The Associated Press
FORT KNOX, Ky. - A weeklong experiment using virtual reality in future combat was unveiled this week at the Armor Conference at Fort Knox.
The new tactics gave a glimpse of the Army's possible future battle command technology that is being designed to give commanders a quicker, more accurate picture of the battlefield.
Fort Knox's Maneuver Battle Lab is playing host to the endeavor, a simultaneous integration of battle lab experimentation in a virtual environment with 10 other installations from across the United States.
Soldiers from the posts are using the technology this week to team up for mock combat.
The $15 billion project was announced and approved by the Pentagon on Monday.
The command network, part of the initial testing and development phase, allows units from different installations to jointly practice war-fighting techniques through a virtual reality system, saving money and honing skills before troops travel to joint force-on-force training. It also allows a more cost-effective way for engineers and soldiers to test possible weapon systems and work out problems before the government commits large amounts of money, officials said.

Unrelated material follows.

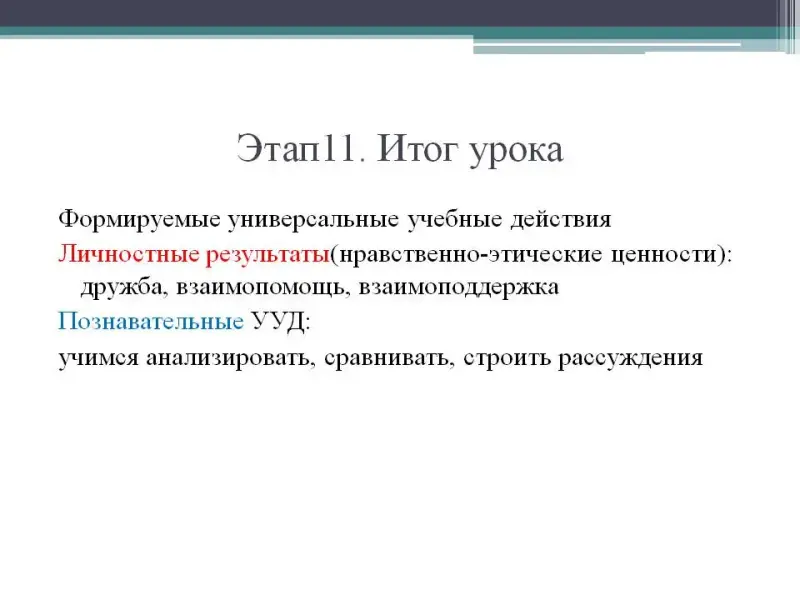 Третий этап урока формирует личностные и коммуникативные универсальные учебные действия.

"What's different about this experiment is the ability to bring together various war-fighters and the science and technology community through a virtual network from dispersed locations throughout the country," said Lt. Col. Michael Aycock of the battle lab staff working on the experiment.
The project involves the installations collectively using more than 200 computers that handle a continuous exchange of data from up to 30,000 war-fighting elements, such as tanks and soldiers, on one network. That allows the Army to lessen joint multisite training costs and decrease the chances of injuries through virtual vision.
"What we're doing here is providing the commander a picture where he can see everything," said Henry Hughes, maneuver battle lab deputy director. "It gives the commander a real-time feel for what's going on," Knox Commander Maj. Gen. Terry Tucker said.
Post officials say the battle command technology that will be tested at Fort Knox and other installations could be the most significant change to the Army force structure since World War I. The technology is such a departure from the current concept of operations, officials said, that the only way to work on it is through simulation.
"What you saw in Iraq last month was a glimpse of the potential of what we're doing, fighting over great distances, very rapidly with forces that are dispersed," said Brig. Gen. Robert W. Mixon, one of the Unit of Action's primary architects. Mixon said the Army's virtual experiment will enhance those capabilities.